Страница 73 из 99
Позже, когда выпало князю объясниться с Мнишком, тот сам подтвердил, что Мстиславскому как мужу опасаться знакомства жены с ним, Мнишком, нечего. Предполагаемый любовник, не зная мыслей мужа, явно невольно согласил свои слова с его тончайшими надеждами, и Фёдор Иванович ненадолго успокоился.
«Уж пускай проваливают поскорей, — всё-таки снова раздражался князь понаехавшей на царскую свадьбу литвою. — Всё одно ведь, ничего у них не сложится, — думал он уже о Мнишке и жене (знал, что встречаются они и разговаривают в Ризположенской церкви и в покоях государыни Марины, знал точно от назначенных в дозор слуг). — Всё одно не сложится, она же знает, что меня любит.

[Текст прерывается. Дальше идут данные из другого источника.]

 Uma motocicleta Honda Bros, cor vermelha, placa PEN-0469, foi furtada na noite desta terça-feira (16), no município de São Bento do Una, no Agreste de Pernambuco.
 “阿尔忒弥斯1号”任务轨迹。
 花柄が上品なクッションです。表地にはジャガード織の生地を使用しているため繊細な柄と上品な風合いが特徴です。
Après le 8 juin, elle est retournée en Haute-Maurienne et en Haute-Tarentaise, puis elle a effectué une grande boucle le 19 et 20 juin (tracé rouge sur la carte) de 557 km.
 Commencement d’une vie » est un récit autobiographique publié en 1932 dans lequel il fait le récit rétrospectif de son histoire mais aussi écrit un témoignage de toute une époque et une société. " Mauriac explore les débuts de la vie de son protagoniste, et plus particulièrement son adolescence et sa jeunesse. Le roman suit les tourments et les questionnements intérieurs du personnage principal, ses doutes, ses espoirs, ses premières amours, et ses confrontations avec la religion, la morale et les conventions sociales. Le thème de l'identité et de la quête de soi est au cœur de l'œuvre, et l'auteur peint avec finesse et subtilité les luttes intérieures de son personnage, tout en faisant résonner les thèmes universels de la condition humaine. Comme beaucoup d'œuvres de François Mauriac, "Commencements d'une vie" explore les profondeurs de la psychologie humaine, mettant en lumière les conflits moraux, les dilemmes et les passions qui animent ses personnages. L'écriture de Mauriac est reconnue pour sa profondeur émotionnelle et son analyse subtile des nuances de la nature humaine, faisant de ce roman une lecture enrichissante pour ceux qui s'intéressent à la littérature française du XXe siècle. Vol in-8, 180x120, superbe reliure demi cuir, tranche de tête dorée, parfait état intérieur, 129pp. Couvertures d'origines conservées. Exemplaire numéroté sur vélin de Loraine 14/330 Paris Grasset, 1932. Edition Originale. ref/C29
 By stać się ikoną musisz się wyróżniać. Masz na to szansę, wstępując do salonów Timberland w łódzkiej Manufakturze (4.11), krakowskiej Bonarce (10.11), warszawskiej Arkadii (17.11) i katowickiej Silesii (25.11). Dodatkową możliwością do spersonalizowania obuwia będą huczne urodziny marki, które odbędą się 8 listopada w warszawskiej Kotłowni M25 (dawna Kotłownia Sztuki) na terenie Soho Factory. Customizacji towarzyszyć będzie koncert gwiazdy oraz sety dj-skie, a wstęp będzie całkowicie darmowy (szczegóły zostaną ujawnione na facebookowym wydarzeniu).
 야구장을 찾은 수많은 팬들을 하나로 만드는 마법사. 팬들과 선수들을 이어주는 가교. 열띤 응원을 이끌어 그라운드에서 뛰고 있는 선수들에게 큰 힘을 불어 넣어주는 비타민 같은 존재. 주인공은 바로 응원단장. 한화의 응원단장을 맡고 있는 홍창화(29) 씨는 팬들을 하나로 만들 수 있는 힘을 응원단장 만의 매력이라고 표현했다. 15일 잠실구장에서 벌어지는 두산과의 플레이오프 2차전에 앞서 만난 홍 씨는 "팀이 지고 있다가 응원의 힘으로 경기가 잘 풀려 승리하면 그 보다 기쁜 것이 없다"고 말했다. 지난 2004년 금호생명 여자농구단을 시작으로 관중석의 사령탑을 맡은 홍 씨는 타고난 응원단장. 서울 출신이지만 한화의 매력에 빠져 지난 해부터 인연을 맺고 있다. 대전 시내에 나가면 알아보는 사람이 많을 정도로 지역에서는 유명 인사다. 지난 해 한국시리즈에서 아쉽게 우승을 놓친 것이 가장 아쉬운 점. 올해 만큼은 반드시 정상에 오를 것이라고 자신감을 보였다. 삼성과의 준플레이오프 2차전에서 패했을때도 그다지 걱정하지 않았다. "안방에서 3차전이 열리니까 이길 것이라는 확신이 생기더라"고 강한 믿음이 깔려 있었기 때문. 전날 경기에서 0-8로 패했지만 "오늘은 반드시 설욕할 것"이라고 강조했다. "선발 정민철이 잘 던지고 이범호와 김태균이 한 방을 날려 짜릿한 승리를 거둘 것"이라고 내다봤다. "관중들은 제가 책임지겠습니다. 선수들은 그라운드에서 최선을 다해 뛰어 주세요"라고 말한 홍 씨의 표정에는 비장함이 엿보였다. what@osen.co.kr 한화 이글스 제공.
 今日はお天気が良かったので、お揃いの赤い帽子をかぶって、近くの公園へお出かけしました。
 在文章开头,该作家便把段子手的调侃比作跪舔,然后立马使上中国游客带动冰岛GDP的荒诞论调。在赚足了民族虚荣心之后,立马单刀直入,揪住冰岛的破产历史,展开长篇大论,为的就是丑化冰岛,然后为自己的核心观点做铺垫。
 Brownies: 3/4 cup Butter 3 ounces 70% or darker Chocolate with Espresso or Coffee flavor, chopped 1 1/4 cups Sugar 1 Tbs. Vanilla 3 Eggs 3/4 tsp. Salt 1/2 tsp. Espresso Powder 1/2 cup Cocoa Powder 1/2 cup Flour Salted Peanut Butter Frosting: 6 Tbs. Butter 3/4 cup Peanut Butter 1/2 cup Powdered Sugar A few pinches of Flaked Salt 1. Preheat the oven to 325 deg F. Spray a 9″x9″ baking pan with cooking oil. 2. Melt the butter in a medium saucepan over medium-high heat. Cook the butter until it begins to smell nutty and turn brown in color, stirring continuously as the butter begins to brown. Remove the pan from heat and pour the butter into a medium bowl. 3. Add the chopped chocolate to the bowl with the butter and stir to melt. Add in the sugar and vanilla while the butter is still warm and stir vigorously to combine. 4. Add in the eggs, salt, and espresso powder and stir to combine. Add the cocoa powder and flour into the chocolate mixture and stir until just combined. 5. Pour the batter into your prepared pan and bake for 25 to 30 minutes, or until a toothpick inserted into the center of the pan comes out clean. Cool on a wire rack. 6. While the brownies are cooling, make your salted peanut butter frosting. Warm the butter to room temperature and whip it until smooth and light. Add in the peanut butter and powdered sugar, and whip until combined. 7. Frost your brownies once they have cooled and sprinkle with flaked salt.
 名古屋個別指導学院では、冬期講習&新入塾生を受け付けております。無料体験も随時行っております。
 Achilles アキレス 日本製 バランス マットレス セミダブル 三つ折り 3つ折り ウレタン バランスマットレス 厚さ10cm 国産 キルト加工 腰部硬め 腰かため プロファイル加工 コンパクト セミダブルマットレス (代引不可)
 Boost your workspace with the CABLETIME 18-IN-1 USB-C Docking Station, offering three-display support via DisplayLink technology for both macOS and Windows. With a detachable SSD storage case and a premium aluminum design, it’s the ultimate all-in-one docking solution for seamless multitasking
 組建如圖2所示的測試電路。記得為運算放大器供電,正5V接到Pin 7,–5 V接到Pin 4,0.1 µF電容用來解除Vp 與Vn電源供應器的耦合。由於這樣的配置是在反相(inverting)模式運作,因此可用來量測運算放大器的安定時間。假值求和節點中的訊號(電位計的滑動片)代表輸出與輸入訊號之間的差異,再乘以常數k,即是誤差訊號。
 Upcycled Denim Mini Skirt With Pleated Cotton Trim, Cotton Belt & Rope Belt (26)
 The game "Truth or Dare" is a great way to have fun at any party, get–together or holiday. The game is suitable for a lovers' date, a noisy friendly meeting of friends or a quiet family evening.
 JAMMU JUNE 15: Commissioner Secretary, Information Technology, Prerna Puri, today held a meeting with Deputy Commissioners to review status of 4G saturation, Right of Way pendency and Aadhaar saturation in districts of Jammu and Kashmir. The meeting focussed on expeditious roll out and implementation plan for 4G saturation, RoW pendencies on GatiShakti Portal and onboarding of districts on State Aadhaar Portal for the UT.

У-ум как люби-ит... А это — так, не сложится, детство какое-то, остатнее мальчишество мгновенное одно. Напакостит только ляшонок нам, всё так изроет, растрясёт, после мало соберёшь... Уже не ангел, а паскудство это!»
Первые ночи после встречи ротмистра с княжей женой Мстиславский сторонился её как колдовства, невнятного заповедания. Но то ли стал свыкаться, то ли забывать, каков собой он, херувим прескорый? (Да он ли просвистал-то? Нелишний ли зелен ковш в очах княжьих очень волновался и мерцал?) Первое, большое, удивление выветрилось из него до твёрдого простого страха — потерять вдруг преданность и уважение жены — и до густой обиды...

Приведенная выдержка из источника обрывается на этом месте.